Gdy znalazła się u progu, sięgnęła po różdżkę i wyćwiczonym setki razy ruchem, smagnęła w powietrzu, rzucając ciche „Expecto Patronum" i... zupełnie nic się nie stało. Hermiona wpatrywała się w swój magiczny artefakt dogłębnie zszokowana.

- To niemożliwe – wyszeptała w panice i rzuciła niewinne „Accio", by za sekundę trzymać w ręce świecę, którą magicznie przywołała. - Dlaczego nie działa Patronus, do cholery? Draco mnie zabije...

Zacisnęła dłoń na nadgarstku Biesa i poleciła zwięźle:

- Proszę posłać umyślnego do mojego męża. Musi wiedzieć, że nic mi nie jest. Niech przekaże mu, że pomagam jednej z pana żon.

Bies nie wyglądał na przekonanego, ale ustąpił pod naporem jej nieprzejednanego spojrzenia. Hermiona wyraźnie czuła jak serce dudni w jej piersi. Nie chciała nawet na ułamek sekundy stracić opanowania i pozwolić swoim myślom zawędrować na manowce. Bo tam, właśnie tam – na manowcach jej ścisłego umysłu - była uporczywa myśl o Draco, o tym co może właśnie przeżywać. Była pewna, że na jego miejscu straciłaby resztki samokontroli, ale liczyła, że popędliwość Gryfonów była tylko jej przywarą. Malfoy był bardziej analityczny w swoim postępowaniu, bardziej racjonalny, sprytniejszy. Miała nadzieję, że to wystarczy.

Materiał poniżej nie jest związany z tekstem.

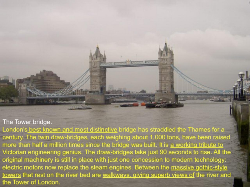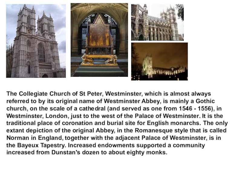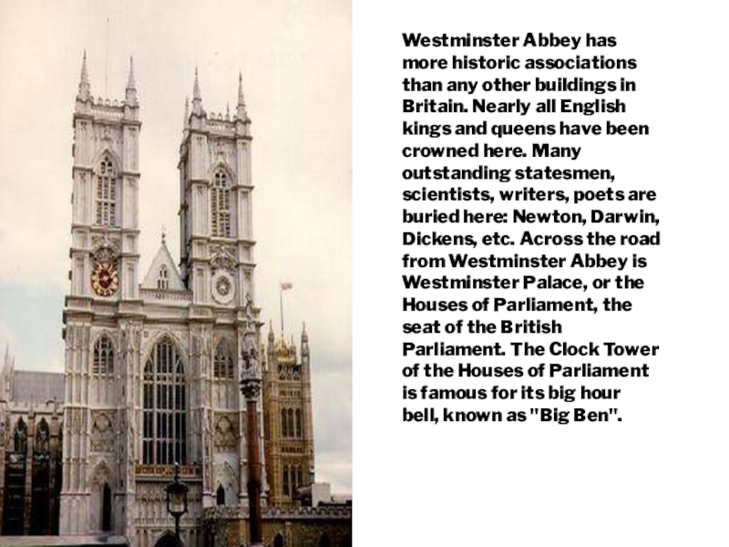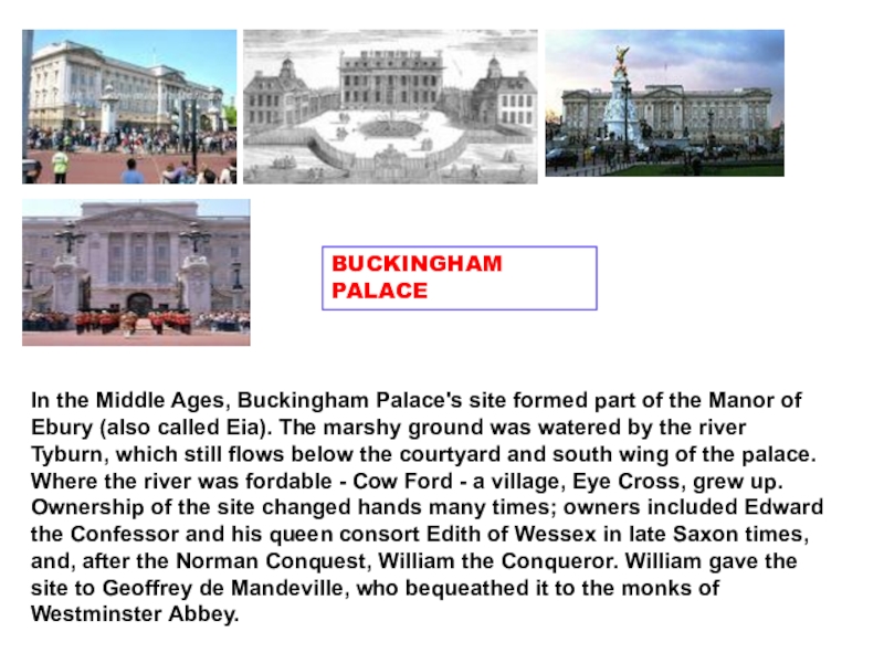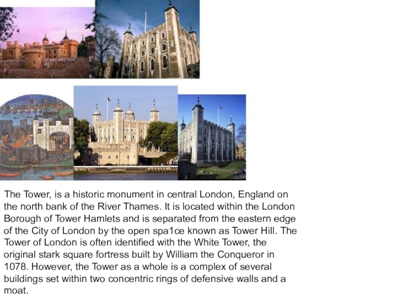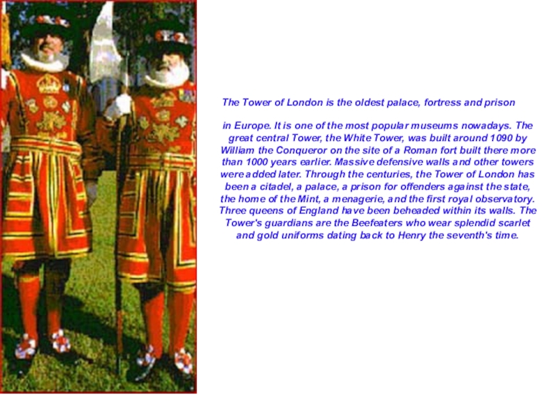 in Europe. It is one of the most popular museums nowadays. The great central Tower, the White Tower, was built around 1090 by William the Conqueror on the site of a Roman fort built there more than 1000 years earlier. Massive defensive walls and other towers were added later. Through the centuries, the Tower of London has been a citadel, a palace, a prison for offenders against the state, the home of the Mint, a menagerie, and the first royal observatory. Three queens of England have been beheaded within its walls. The Tower's guardians are the Beefeaters who wear splendid scarlet and gold uniforms dating back to Henry the seventh's time.

Pamiętała, kiedy wyrzucał sobie, że wtedy w Malfoy Manor, nie był w stanie jej pomóc. Ta myśl, ciemna i mroczna, wiła się w zakamarkach jego duszy przez cały czas i choć spokojnie wytłumaczenia Hermiony, jej zapewnienia o wybaczeniu, mogły być niejakim balsamem – to Draco przede wszystkim jeszcze nie wybaczył samemu sobie. Ta sytuacja z porwaniem, mogła jedynie pogłębić jego traumę, czego Hermiona miała nadzieję za wszelką cenę uniknąć.

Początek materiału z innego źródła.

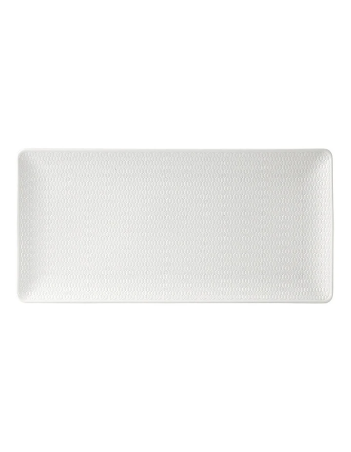 Contemporary and timeless this Gio Serving Tray features a deboss texture with a clean, white glaze finish that is unmistakably modern. Beautifully gift boxed making a great gift. Inspired by the rich Wedgwood design archives, Gio is a simply stunning debossed repeat geometric pattern that acknowledges trends in interior styles which use linear and geometric structures to create form. This distinctively graphic design, allows for a relaxed yet refined dining experience.

Nigdzie nie było widać służby i Hermiona zrozumiała, jak dobrze książę przygotował się do tej misji. Jak długo dążył do sprowadzenia jej, do przekonania, aby pomogła. Nie mógł być pewien, że będzie w stanie zrobić cokolwiek,, by uwolnić Susan, ale była jego deską ratunku. Musiał spróbować. Zastanawiała się, jak rozegrałaby się dalsza część tej cichej nocy, gdyby odmówiła. Jakimi środkami Bies zmusiłby ją do współpracy. Czy byłby skłonny torturować ją w imię miłości? Zadrżała lekko na tę myśl, bo wydała jej się całkiem prawdopodobna.

Przekroczyła próg, zrzucając z dłoni balowe rękawiczki i porzucając je gdzieś na dywanie z Abusson. Jedyne co zarejestrowała kątem oka, to fakt, że sypialnia miała najpiękniejsze tłoczone tapety, najświeższe ogrodowe kwiaty i czystą, białą pościel na ogromnym łożu. Susan leżała tam i wyglądała, jakby nie żyła. Hermiona odwróciła się i zaczekała aż zrozpaczony Bies powróci.

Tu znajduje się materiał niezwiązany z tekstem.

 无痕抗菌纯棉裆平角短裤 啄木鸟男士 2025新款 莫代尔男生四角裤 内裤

- To Czarna Magia. Petryfikacja – orzekła, gdy zwykłe „Finite!" nie zadziałało. - Moja różdżka jest tu bezużyteczna. Tylko wyciąg z mandragory jest w stanie zniwelować skutki tej klątwy. Pod suknią mam zmniejszoną torebkę, wyciągnę ją i odszukam składniki na antidotum. Ma pan szczęście, że całkiem sporo zabrałam ze sobą w podróż do... Tak, cóż, nieważne. Czy ma pan jakieś naczynie, koniecznie cynowe? Potrzebuję kociołka i palnika.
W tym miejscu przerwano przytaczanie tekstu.